While placing policy enforcement within the service provider may make logical sense, it does require a change to the service provider design. For some service providers, particularly purchased software applications, this may not be an option. Even when it is possible, changing the service provider design may be complex. From a software maintenance perspective, this can be an expensive option.

Access Control with Proxies

Proxies provide an alternative location for policy enforcement—one that allows access control policies to be added without altering the service provider (Figure 4-16). This style of access control is commonly used when services are being provided via HTTP interfaces. In many cases such proxies are introduced into HTTP-based systems specifically to provide access control. Proxies used for this purpose are often referred to as policy agents.

Figure 4-16

Figure 4-16 Access Control Policy Enforcement with Proxy Access

Moving policy enforcement into the proxy provides a nice separation of concerns from a software engineering perspective. With this approach, policy enforcement can be added or modified without altering the underlying service provider. The policies and policy enforcement can be tested and managed independently of the service provider.

The proxy approach has an access control weakness: In the strictest sense, the original service interface remains unprotected. Any component that can gain access to this service interface is in a position to use it—or abuse it. Because of this, when the proxy pattern is employed, the actual service provider is generally located on a physically secure private network protected by a firewall. To guard against unauthorized access, the proxy is placed in a demilitarized zone (DMZ), which is separated from the public network by another firewall, resulting in the configuration shown in Figure 4-17.

Figure 4-17

Figure 4-17 Typical Proxy Deployment

Beyond the access control weakness, there are other drawbacks to the proxy approach. The introduction of the proxy requires a configuration change on the part of the service users to redirect their requests to the proxy interface. The use of a proxy also introduces additional inter-process communications. In high-volume low-latency applications, the increase in latency caused by these additional communications can be an issue.

When asynchronous result delivery is required, there is additional work that must be done. To control access to the results delivery interface, either the existing proxy must be extended to also be proxy for the service user or a second proxy must be introduced.

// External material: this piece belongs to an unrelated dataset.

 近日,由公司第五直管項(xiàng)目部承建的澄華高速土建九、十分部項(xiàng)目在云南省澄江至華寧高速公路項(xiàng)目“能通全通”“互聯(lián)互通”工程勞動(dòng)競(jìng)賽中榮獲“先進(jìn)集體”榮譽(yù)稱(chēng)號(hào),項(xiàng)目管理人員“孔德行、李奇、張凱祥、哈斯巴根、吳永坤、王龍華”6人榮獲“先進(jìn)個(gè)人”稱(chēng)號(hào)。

Since every proxy is dependent upon the location of the interfaces it is guarding, it becomes increasingly difficult to manage this approach as the number of services and service users increases. Every deployment change to every interface requires a proxy update.

Access Control with a Mediation Service

The use of a messaging service for communications between the service user and the service provider presents yet another possible location for policy enforcement (Figure 4-18). Because of the extended functionality, this expanded service is more appropriately termed a mediation service. The mediation service contains within it both the messaging service and the policy enforcement.

Figure 4-18

Figure 4-18 Access Control Policy Enforcement with Message-Based Access

As with the messaging service, the mediation service provides the interfaces for both the service user and service provider. Since the mediation service provides both interfaces, there are no dependencies on the location of either the service user or service provider. The symmetric nature of the sending and receiving interfaces makes it easy to support all of the basic service interaction patterns.

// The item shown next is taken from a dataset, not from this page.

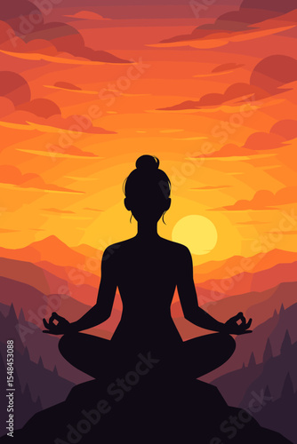 Serene woman silhouette meditating in lotus pose on mountain peak at vibrant sunset, tranquil landscape, peaceful mindfulness, yoga meditation, nature retreat, dusk sky illustration, vector art
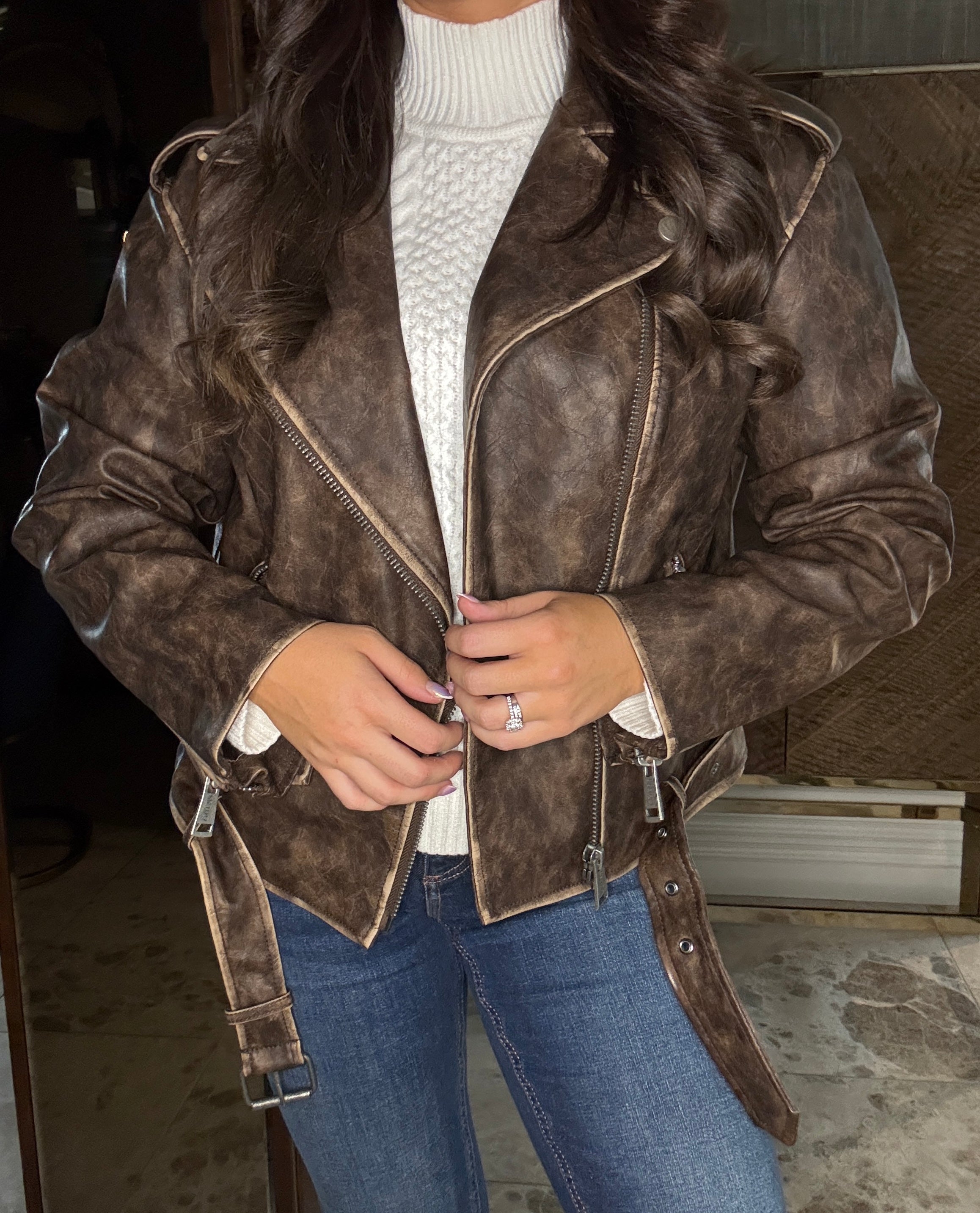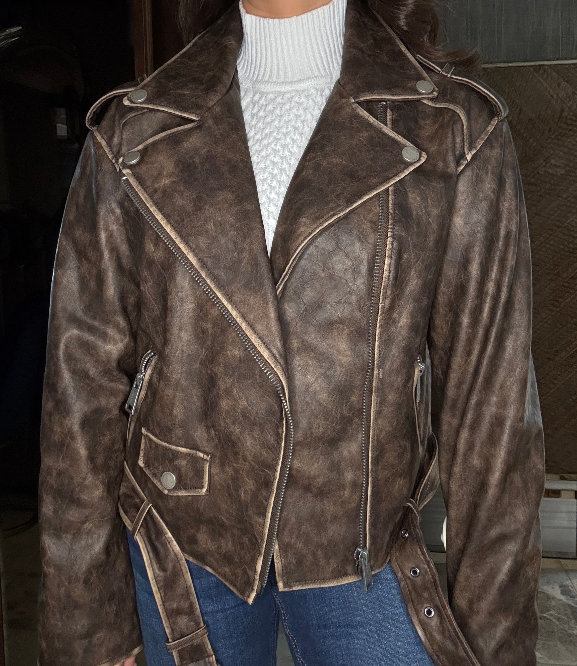 Guess W5YL35WHGW0 Vintage Biker Jacket - F1GQ Espresso Brown (GC23)

The mediation service can enforce policies governing access to its own interfaces. It can authenticate the component trying to gain access and check that component's authorization to use the mediation service. Beyond this, it can check the component's authorization to send or receive from a particular messaging destination. It can require encrypted communications at both interfaces, perhaps using SSL. This ability to secure the connection to the service provider overcomes one of the shortcomings of the proxy approach, which cannot protect the service provider's interface from direct access.